Authored by bdrewery on Mar 22 2016, 8:34 PM.

Details

Reviewers
kib
markj
lstewart
Group Reviewers
manpages

Diff Detail

Repository
rS FreeBSD src repository
Lint
Lint OK
Unit
No Unit Test Coverage
Build Status
Buildable 3048
Build 3080: arc lint + arc unit

Event Timeline

bdrewery updated this revision to Diff 14530.Mar 22 2016, 8:34 PM
bdrewery retitled this revision from to alq(9): Record any write failures and return the last in alq_close(9)..
bdrewery updated this object.
bdrewery edited the test plan for this revision. (Show Details)
markj added inline comments.Mar 23 2016, 12:03 AM
sys/kern/kern_alq.c
390

Should we overwrite previous errors?

483

This comment is misleading - there can't be any pending I/O since no one has a reference to this alq yet. All this does is close the vnode.
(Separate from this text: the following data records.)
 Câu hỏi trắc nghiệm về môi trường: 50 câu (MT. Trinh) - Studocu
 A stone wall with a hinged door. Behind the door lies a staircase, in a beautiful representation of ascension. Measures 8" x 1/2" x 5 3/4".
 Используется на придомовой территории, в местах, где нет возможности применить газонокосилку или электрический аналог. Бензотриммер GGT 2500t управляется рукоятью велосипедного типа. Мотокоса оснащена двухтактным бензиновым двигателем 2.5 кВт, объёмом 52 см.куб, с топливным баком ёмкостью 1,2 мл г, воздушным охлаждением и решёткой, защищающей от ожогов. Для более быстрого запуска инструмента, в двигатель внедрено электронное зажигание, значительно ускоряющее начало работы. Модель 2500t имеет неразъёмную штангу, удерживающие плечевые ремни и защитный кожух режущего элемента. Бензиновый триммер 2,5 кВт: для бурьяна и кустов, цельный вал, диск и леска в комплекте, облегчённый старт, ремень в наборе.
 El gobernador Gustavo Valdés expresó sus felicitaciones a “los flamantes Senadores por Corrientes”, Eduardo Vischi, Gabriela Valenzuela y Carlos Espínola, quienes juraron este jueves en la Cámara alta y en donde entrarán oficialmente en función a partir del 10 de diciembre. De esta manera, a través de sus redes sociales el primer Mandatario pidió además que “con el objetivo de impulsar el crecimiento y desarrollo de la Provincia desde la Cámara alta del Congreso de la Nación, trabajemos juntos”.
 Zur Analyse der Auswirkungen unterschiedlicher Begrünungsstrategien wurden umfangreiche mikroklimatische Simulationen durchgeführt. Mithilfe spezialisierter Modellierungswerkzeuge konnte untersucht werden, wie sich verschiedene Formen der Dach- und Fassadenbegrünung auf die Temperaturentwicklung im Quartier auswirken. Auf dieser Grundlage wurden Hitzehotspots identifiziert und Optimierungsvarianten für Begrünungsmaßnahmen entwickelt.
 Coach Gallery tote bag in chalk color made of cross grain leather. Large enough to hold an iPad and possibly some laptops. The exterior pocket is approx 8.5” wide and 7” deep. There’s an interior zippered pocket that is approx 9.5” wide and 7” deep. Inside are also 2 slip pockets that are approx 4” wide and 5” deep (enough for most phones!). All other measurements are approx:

kib added inline comments.Mar 23 2016, 6:27 AM
sys/kern/kern_alq.c
297

Please explain this change.

381–382

If mac_vnode_check_write() failed, should we return this error ? Otherwise code returns zero, with no write.

bdrewery added inline comments.Mar 23 2016, 4:28 PM
sys/kern/kern_alq.c
381–382

Ah true, I missed this.

390

I don't see a problem with it. It depends on how complicated the API should become and what behavior should happen when a write fails. Should the entire log be closed and reject further writes? Should the error be returned from alq_flush() as well? Should flushing it cause the error to reset? I have no opinion on any of those, I'll leave it to Lawrence who maintains this more. My only interest is determining if any write failed so I can explore using this elsewhere.

483

Yes you're right. I didn't read the code here, I just moved the call to the parent since I wanted it out of alq_destroy().
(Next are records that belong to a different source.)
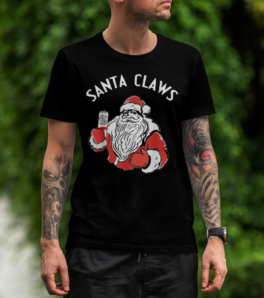 The Santa Claws Christmas White Claw Santa T-shirt is designed for everyday wear and a consistent fit. Fabric is pre-shrunk ring-spun cotton with durable stitching. See the size chart below for exact measurements.
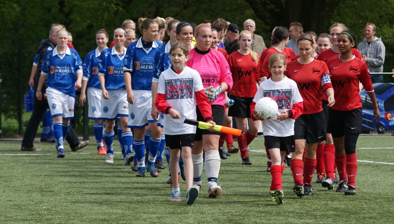 Niemand gaf in de rust nog een cent voor de kansen van VDZ. VIOD was in de eerste helft heer en meester en speelde met uitzondering van de eerste tien minuten geconcentreerd en fel en creëerde vele kansen. Een doelpunt bleef dan ook niet uit. In de tiende minuut stuurde Grytsje Jongsma met een uitstekende pass Elissa Halbesma de diepte in. Zij sneed naar binnen en liet keepster Woutske Hartholt met links kansloos. Vijf minuten voor rust veroverde Linda Visser in het strafschopgebied van VDZ de bal en tikte deze terug naar Froukje Schaafsma, die Joukje Smeding in stelling bracht. De Oudwoudster ramde de bal op weergaloze en tot haar eigen verbazing in de kruising (0-2).
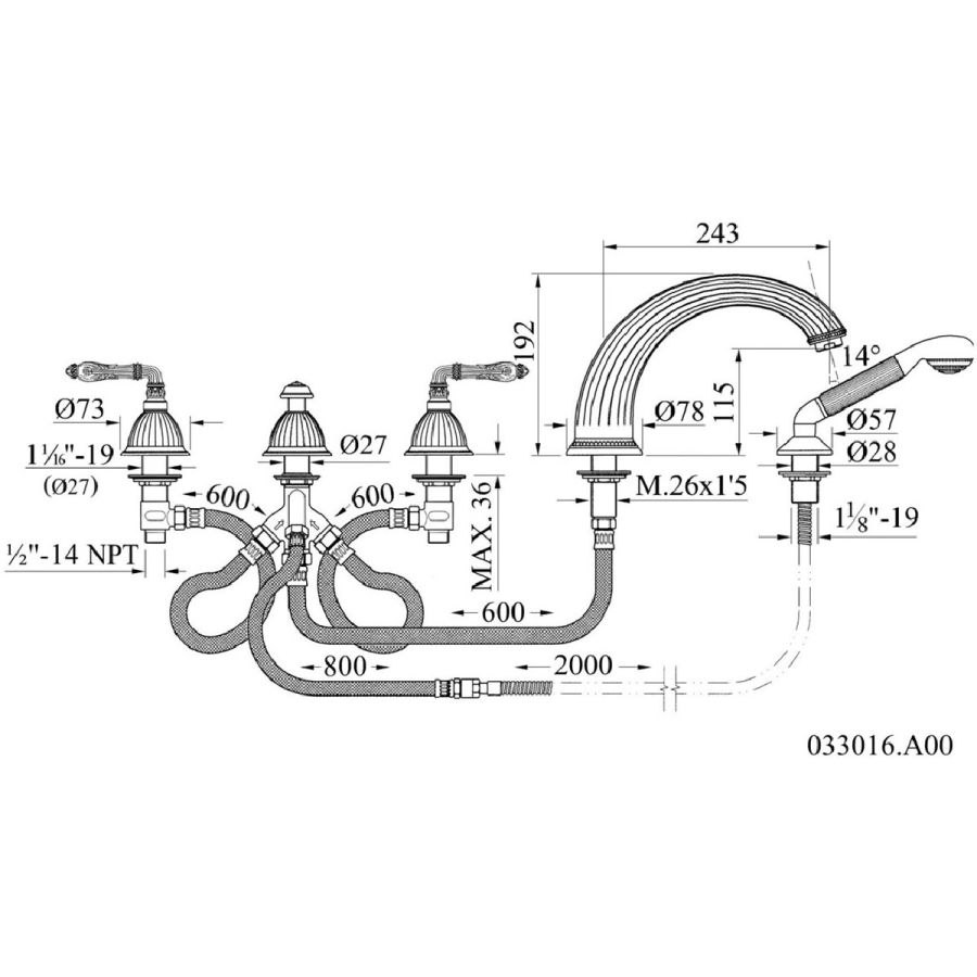 Bronces Mestre / Bath-Shower Fittings / Five holes bath set 033016.A00.00

bdrewery marked 4 inline comments as done.Mar 23 2016, 6:06 PM
bdrewery added inline comments.
sys/kern/kern_alq.c
297

alq_shutdown() flushes pending IO before destroy. I need to flush any pending IO in alq_close() before freeing the alq pointer so that alq->error can be retrieved. Calling something like alq_flush() here instead would just be redundant since alq_shutdown() would then try flushing again.

bdrewery updated this revision to Diff 14552.Mar 23 2016, 6:12 PM

Fix findings

kib added inline comments.Mar 24 2016, 9:39 AM
sys/kern/kern_alq.c
297

Then, could you assert that no penind io is queued, there ?

381–382

It is much easier to read restructured code as jhb prefers it

#ifdef MAC
    error = mac_vnode_check_write();
    if (error == 0)
#endif
         error = VOP_WRITE();

and also it shows cleanly that the addition of 'error = 0;' assignment above is redundant.

bdrewery updated this revision to Diff 14691.Mar 28 2016, 7:28 PM
bdrewery edited edge metadata.
  • Fix unrelated memory leak in ald_shutdown
  • Add more asserts
  • Retrieve error from vn_close
  • Return error rather than 0 from alq_close() on shutting down, which seems to be only possible with an invalid pointer anyhow
bdrewery marked 4 inline comments as done.Mar 28 2016, 7:29 PM
bdrewery added inline comments.
sys/kern/kern_alq.c
245

FYI this is an unrelated memory leak fix that can happen when unloading the module.

markj accepted this revision.Mar 28 2016, 7:37 PM
markj edited edge metadata.
markj added inline comments.
sys/kern/kern_alq.c
390

Hm, I'm not suggesting any API changes - just that we might wish to save the first write error rather than the most recent error:

if (error != 0 && alq->aq_error == 0)
        alq->aq_error = error;

I think this is generally more useful for debugging in the face of cascading errors. But I can't think of a specific alq failure mode where this will make a difference.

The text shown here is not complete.